Unsurprisingly, as shown above for the 1-d dipoles, including the original (pre-subtraction) image data for fitting 2-d dipoles serves to significantly constrain the fit and reduce the degeneracy. Increasing the weighting of the pre-subtraction data improves this performance (contours not shown but are available in the IPython notebooks).
Conclusions and Plans¶
Given the analysis of the previous subsection, we have chosen to
integrate the pre-subtraction image data in the dipole
characterization task for DIA dipoleMeasurement
. Two primary cases
where this scheme might fail include (1) if the source falls on a
bright background or a background with a steep gradient then the
pre-subtraction data may provide an inaccurate measure of the original
source; and (2) it will require passing the two pre-subtraction image
planes (and their variance planes) to the dipole characterization
task, and thus a potential slow-down of 3-fold. Issue #1 above may be
alleviated in cases of steep background gradients observed in the
pre-subtraction footprints by down-weighting the pre-subtraction data
relative to the diffim data (as was done in figure_6
), in
order to decrease the likelihood of an inaccurate fit. This option is
still likely to fail in certain cases, and also requires the
(arbitrary) selection of a user-definied weight parameter. An
alternative solution is to include estimation of parameters to fit the
background gradients in the pre-subtracion images. This has the
drawback of requiring fitting of additional parameters (three for a
linear gradient), while removing the necessity for an additional
user-tunable parameter.
Recommendation: Test the dipole fitting including using the additional (pre-subtraction) data planes, including simulating bright and steep-gradient backgrounds. Investigate the tolerance of very low weighting (5 to 10%) or additional parameters to (pre-) fit any background gradients on the pre-subtraction planes to evaluate relative improvement in fit accuracy. Below we show the results for both of these options.

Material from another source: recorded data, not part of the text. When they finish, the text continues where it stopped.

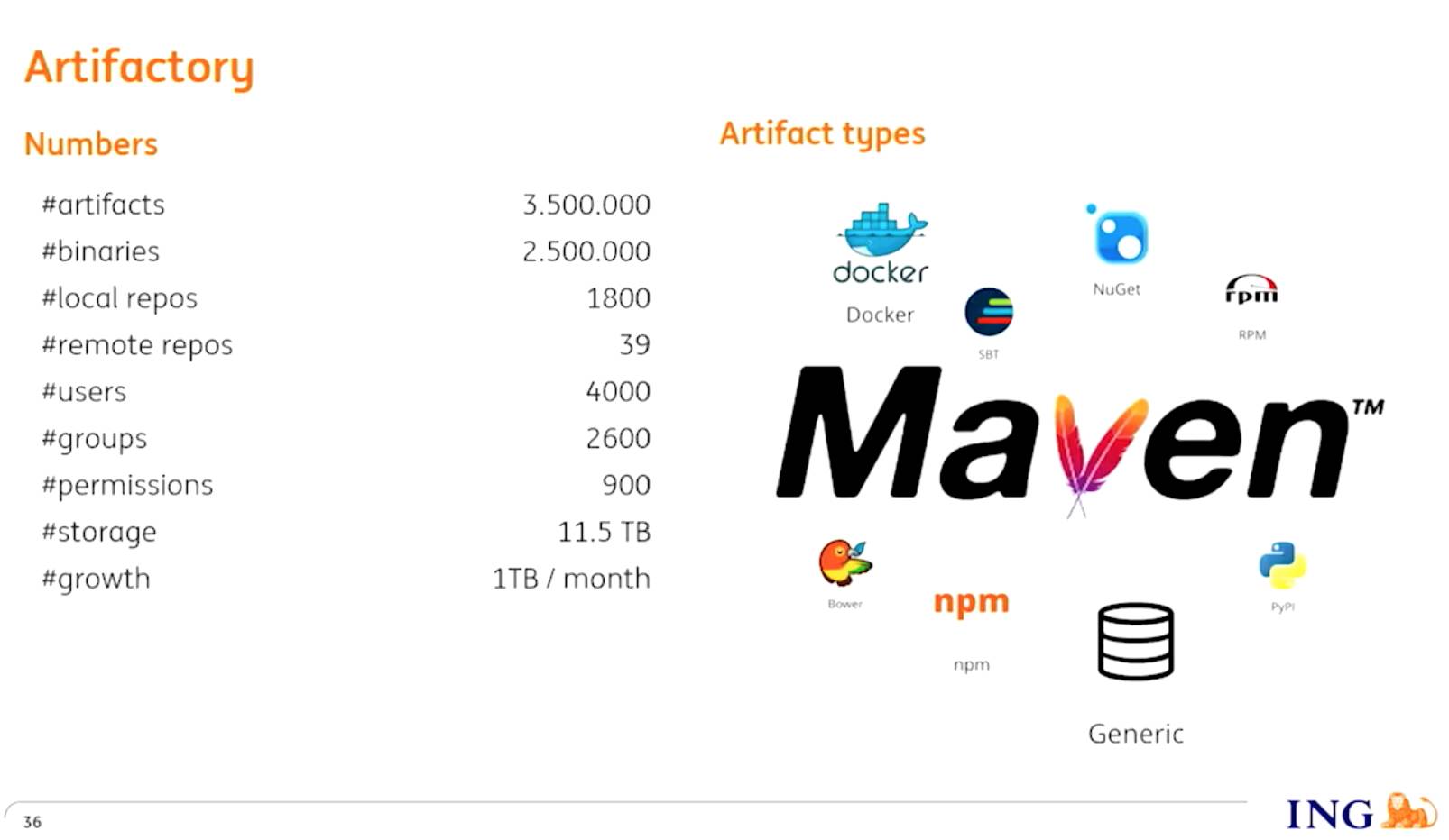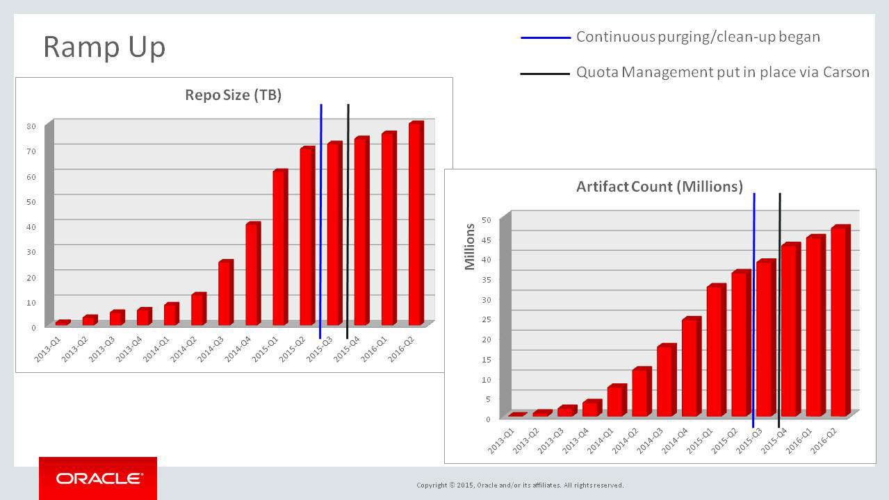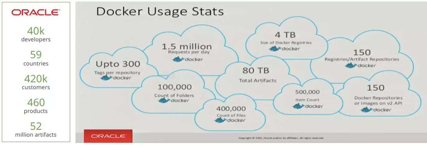 甲骨文是 JFrog Artifactory 的早期用户,在 2013年 -2015年间,他们某一个研发中心某一个仓库的数据,一年半之内从 17TB涨到了 70多 TB,这还只是其中一个研发中心(甲骨文有 6个研发中心),当数据达到 70多 TB时,他们开始做一些自动化的删除,前面也讲过了一个规范,如果包在半年之内没有被用到、没有被下载,这个包就会被删掉,都会用这个去做。
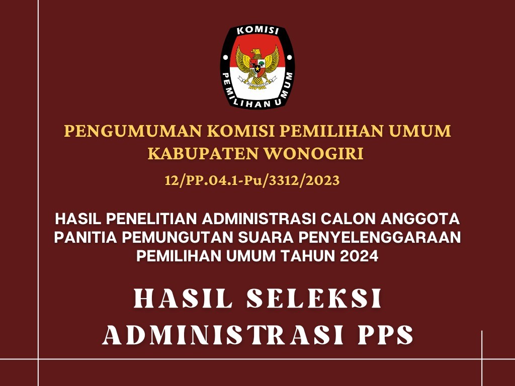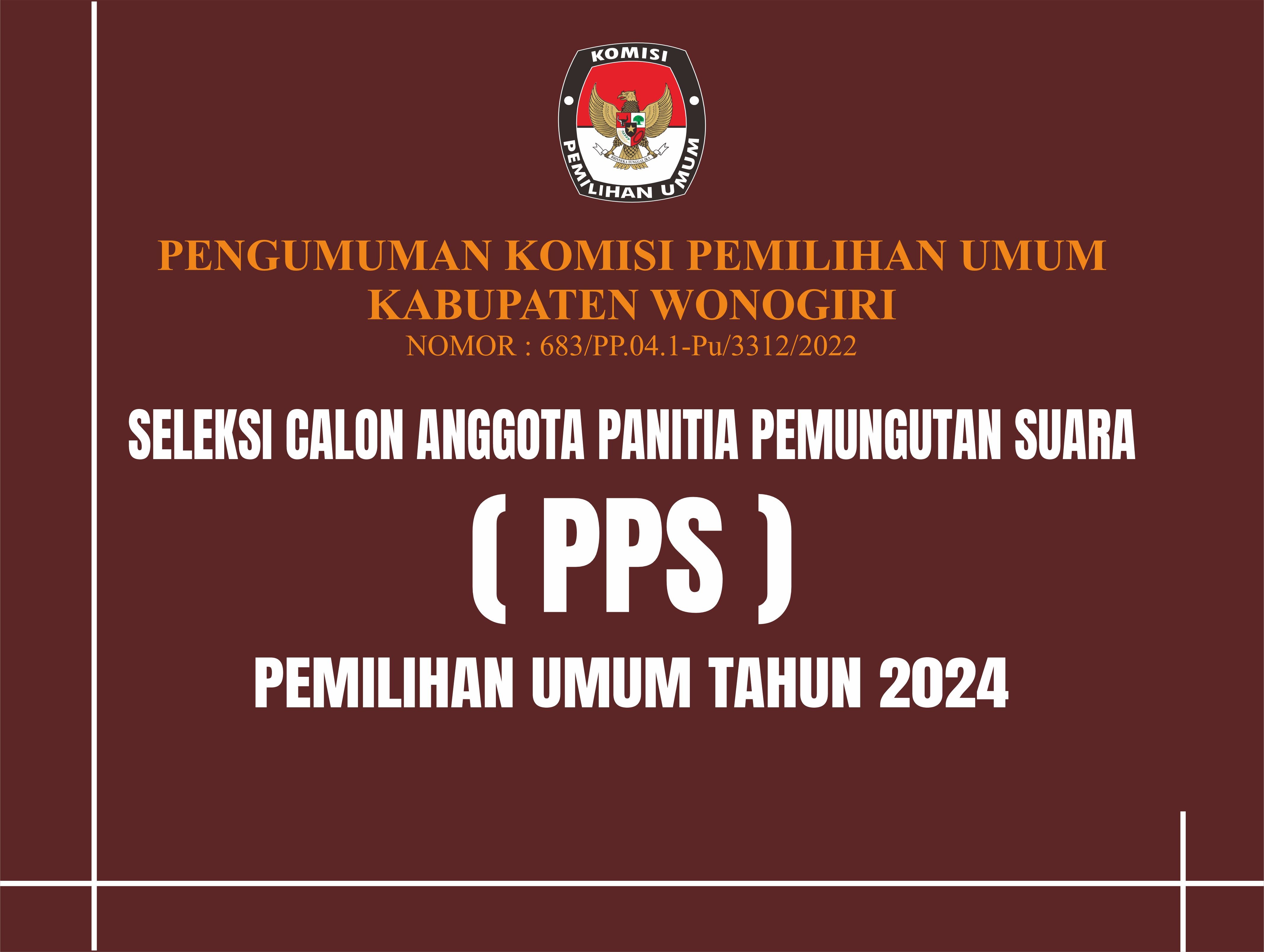 PENGUMUMAN SELEKSI CALON ANGGOTA PANITIA PEMUNGUTAN SUARA (PPS) PEMILIHAN UMUM TAHUN 2024 Sabtu, 17 Desember 2022 23:59 2164 No Nama File Download 1 Pengumuman Pendaftaran PPS 2 Surat Pendaftaran PPS 3 Surat Pernyataan PPS 4 Lampiran DRH Baca Selengkapnya
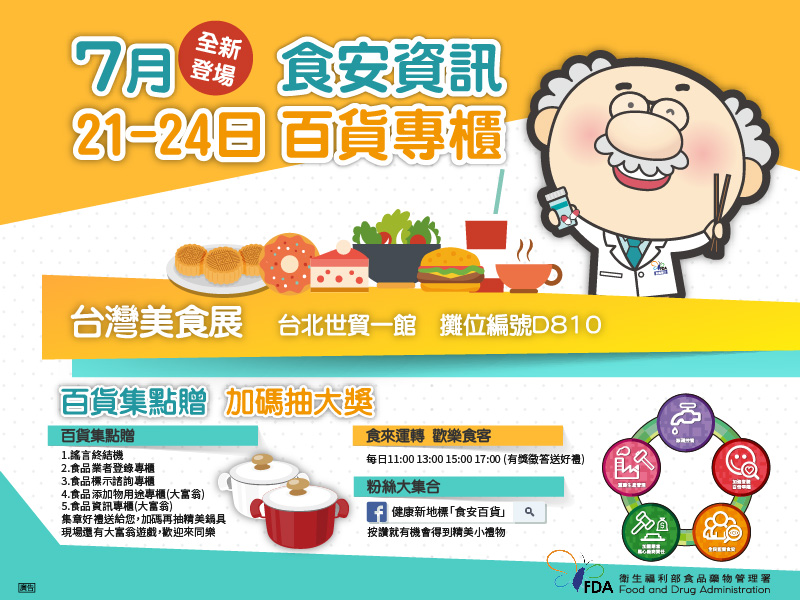 食藥署表示「食安資訊百貨專櫃」活動攤位針對國人最想了解的網路謠言、食品標示、食品添加物的用途及合法添加量等內容,設計「百貨集點贈」五關卡的食安知識學習闖關遊戲,透過活潑有趣的互動方式,讓民眾更易瞭解食安五環及食品安全管理相關規定。自7月21日至7月24日完成闖關的民眾就可獲得精美好禮,每天還有不定時加碼「食來運轉,歡樂食客」有獎徵答活動,此外,參展期間每天將從闖關者中抽出一名幸運民眾,可獲得精美單柄牛奶鍋。歡迎關心食品安全的民眾踴躍至活動現場參與,共同監督食安。(位置:台北世貿一館D810攤位,D區電梯旁)

After updating the dipole fit code to include the pre-subtraction images (here again with 5% weighting), as shown in this notebook, the accuracy once again improves.
The new (constrained) result, fitting to the same simulated dipole data, which, notably does not include any gradients in the pre-subtraction images is shown in Figure 10 (note the difference in axis limits):
In this case, adding the 5% weighted constraint to the fit unsurprisingly improves the flux measurements for a variety of dipole separations, as shown in Figure 11 (which may be directly compared with Figure 2, generated with no constraint).
Likewise, dipole separations are more accurately measured as well.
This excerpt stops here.